▸ **RECORDS SHOWN**
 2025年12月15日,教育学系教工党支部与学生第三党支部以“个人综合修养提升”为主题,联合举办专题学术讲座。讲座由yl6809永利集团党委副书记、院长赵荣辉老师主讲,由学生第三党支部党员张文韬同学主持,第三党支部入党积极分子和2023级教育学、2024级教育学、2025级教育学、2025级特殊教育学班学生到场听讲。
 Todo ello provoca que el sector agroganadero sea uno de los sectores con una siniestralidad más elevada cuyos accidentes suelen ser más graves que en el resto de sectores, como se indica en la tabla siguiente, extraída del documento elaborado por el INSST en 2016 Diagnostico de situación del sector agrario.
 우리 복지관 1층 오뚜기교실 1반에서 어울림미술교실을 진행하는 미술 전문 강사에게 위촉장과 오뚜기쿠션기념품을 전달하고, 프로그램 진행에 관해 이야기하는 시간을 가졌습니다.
...
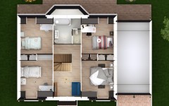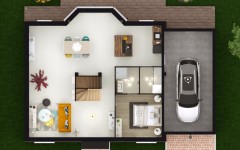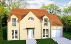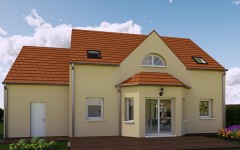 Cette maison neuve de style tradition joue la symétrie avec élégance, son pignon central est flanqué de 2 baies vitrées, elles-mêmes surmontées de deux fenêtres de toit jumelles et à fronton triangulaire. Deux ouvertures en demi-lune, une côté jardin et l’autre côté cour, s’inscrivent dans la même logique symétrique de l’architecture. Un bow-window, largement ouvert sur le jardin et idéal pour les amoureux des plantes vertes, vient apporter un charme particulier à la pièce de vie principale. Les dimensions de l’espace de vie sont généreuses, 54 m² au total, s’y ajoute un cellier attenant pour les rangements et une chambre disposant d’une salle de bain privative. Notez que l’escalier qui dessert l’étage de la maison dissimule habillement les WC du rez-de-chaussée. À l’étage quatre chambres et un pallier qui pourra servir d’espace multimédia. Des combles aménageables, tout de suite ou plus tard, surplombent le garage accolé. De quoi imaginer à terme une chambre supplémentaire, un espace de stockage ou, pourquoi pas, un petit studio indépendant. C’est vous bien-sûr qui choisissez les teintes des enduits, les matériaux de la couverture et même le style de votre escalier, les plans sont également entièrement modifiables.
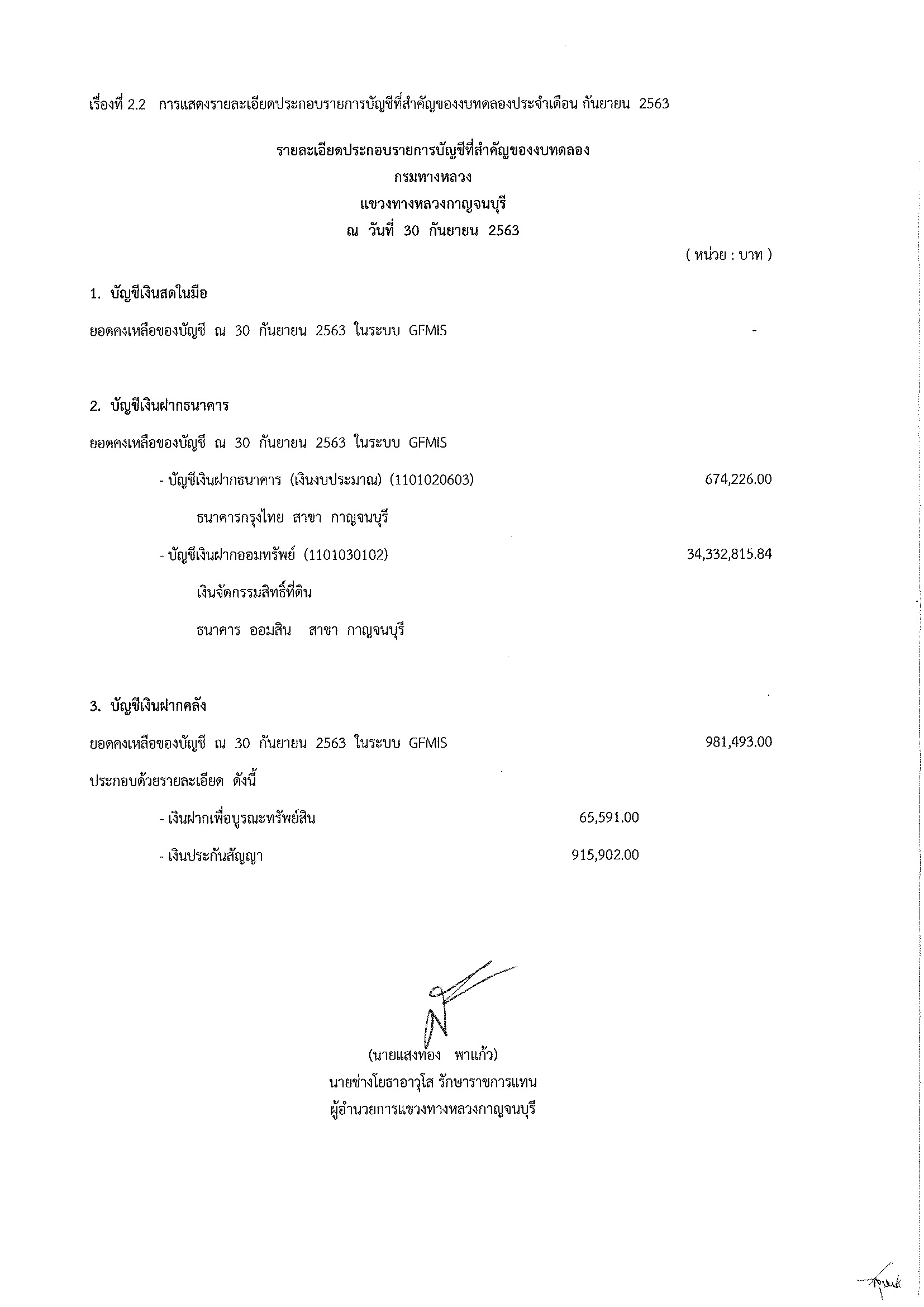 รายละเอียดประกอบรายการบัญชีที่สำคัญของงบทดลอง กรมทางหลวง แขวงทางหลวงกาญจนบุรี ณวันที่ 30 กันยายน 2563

▸ **TASK TO COMPLETE**
Taking the lines above, repeat exactly those from the line that contains "2025年12月15日,教育" through the line that contains "Todo ello provoca", and both of those lines as well. Include nothing else.

▸ **RESULT BELOW**
 2025年12月15日,教育学系教工党支部与学生第三党支部以“个人综合修养提升”为主题,联合举办专题学术讲座。讲座由yl6809永利集团党委副书记、院长赵荣辉老师主讲,由学生第三党支部党员张文韬同学主持,第三党支部入党积极分子和2023级教育学、2024级教育学、2025级教育学、2025级特殊教育学班学生到场听讲。
 Todo ello provoca que el sector agroganadero sea uno de los sectores con una siniestralidad más elevada cuyos accidentes suelen ser más graves que en el resto de sectores, como se indica en la tabla siguiente, extraída del documento elaborado por el INSST en 2016 Diagnostico de situación del sector agrario.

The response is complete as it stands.